Highlighted query has hits but misses highlighted fragments (for some documents)


(bdonnovan) #1

Hey there,

i am facing somewhat awkward results when trying to query a highlight
search. I query for a simple term and i get a result set, but just
some of the results contain a highlighted fragment, which is what i do
not understand. The results are generally all correct, even the
results with no highlighted fragments supplied do indeed contain the
queried term, i just don't know what the reason could be for not
giving me the highlighted fragement of it. The source is stored as
well for all these documents. Interestingly i get highlighted
fragments for the same documents if i choose a different term from
that document. I just don't see a pattern here. What could be other
reasons for that ? I am fairly new to ES, so maybe this is a
nobrainer , but am not able to fix this for two days now.

This is the query:

curl -XGET 'http://localhost:9200/docs/doc/_search?pretty=true' -d '{

"from" : 0,
"size" : 10,
"query" : {
"term" : {
"fulltext" : "testen"
}
},
"explain" : true,
"fields" : [ "author", "title", "inserted" ],
"highlight" : {
"pre_tags" : [ "" ],
"post_tags" : [ "
" ],
"fields" : {
"fulltext" : {
"fragment_size" : 100
}
}
}
}'

And the results can be found here https://gist.github.com/1986656


(Shay Banon) #2

Can you gist a recreation with sample documents indexed? (see http://www.elasticsearch.org/help).

On Tuesday, March 6, 2012 at 5:06 PM, bdonnovan wrote:

Hey there,

i am facing somewhat awkward results when trying to query a highlight
search. I query for a simple term and i get a result set, but just
some of the results contain a highlighted fragment, which is what i do
not understand. The results are generally all correct, even the
results with no highlighted fragments supplied do indeed contain the
queried term, i just don't know what the reason could be for not
giving me the highlighted fragement of it. The source is stored as
well for all these documents. Interestingly i get highlighted
fragments for the same documents if i choose a different term from
that document. I just don't see a pattern here. What could be other
reasons for that ? I am fairly new to ES, so maybe this is a
nobrainer , but am not able to fix this for two days now.

This is the query:

curl -XGET 'http://localhost:9200/docs/doc/_search?pretty=true' -d '{

"from" : 0,
"size" : 10,
"query" : {
"term" : {
"fulltext" : "testen"
}
},
"explain" : true,
"fields" : [ "author", "title", "inserted" ],
"highlight" : {
"pre_tags" : [ "" ],
"post_tags" : [ "
" ],
"fields" : {
"fulltext" : {
"fragment_size" : 100
}
}
}
}'

And the results can be found here https://gist.github.com/1986656


(bdonnovan) #3

i set up a simple sample application that reproduces it.

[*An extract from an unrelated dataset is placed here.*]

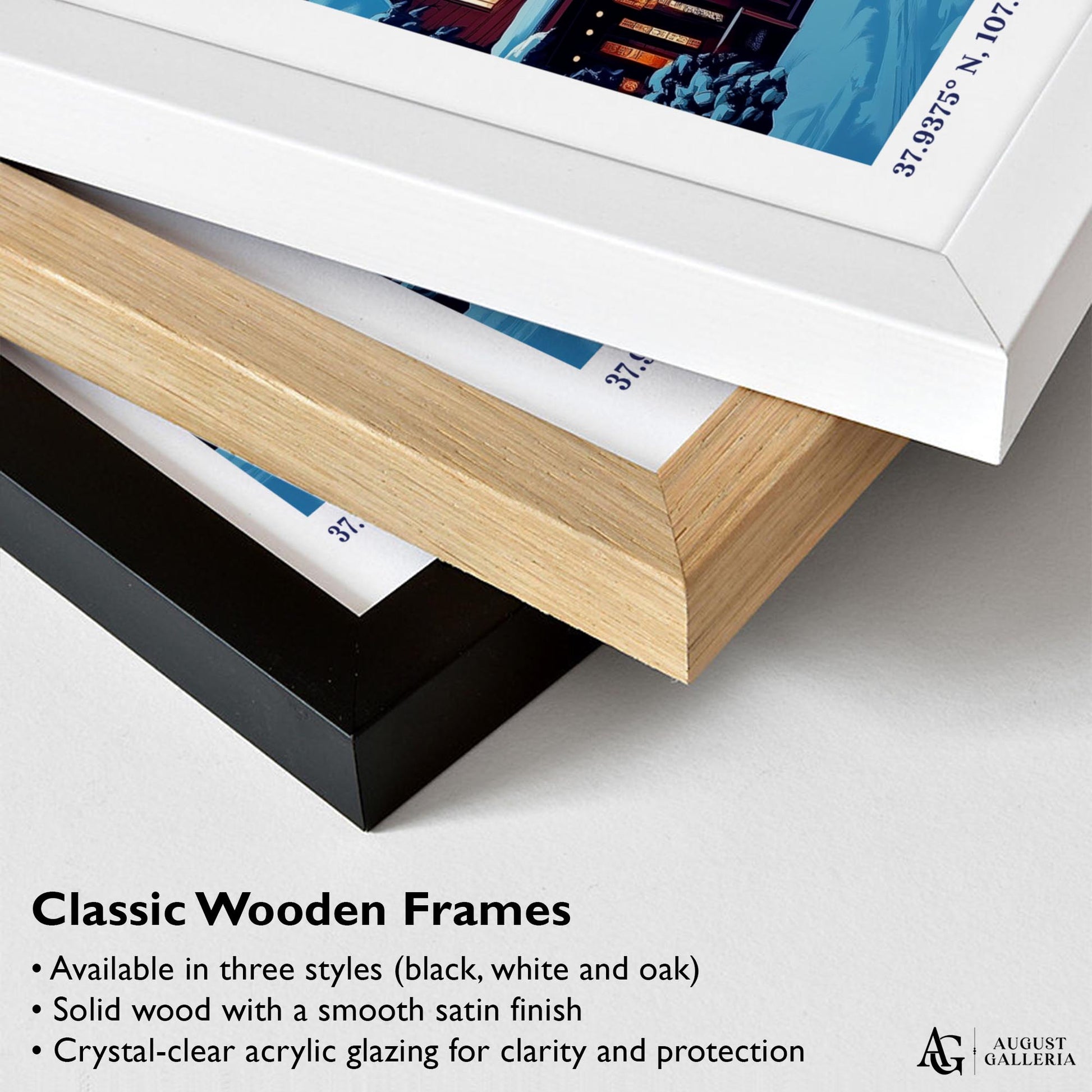 Made from sustainably sourced European wood and delivered ready to hang, available in black, white, or natural oak finishes. Includes a durable crystal-clear, shatter-resistant Perspex glaze for lasting protection and a sleek, modern look.

Code, mapping and one of the sample documents is gisted here

The parser seems to stop parsing the document at a certain point to
fetch the highlighted fragment. (line 987 actually)
i don't see any special characters or anything and no warnings or
errors, but also no fragment for ocurrences after that point.

I am using v18.7

And thanks a lot for looking into it, i can't seem to make any
progress on the issue.

On 6 Mrz., 21:27, Shay Banon kim...@gmail.com wrote:

Can you gist a recreation with sample documents indexed? (seehttp://www.elasticsearch.org/help).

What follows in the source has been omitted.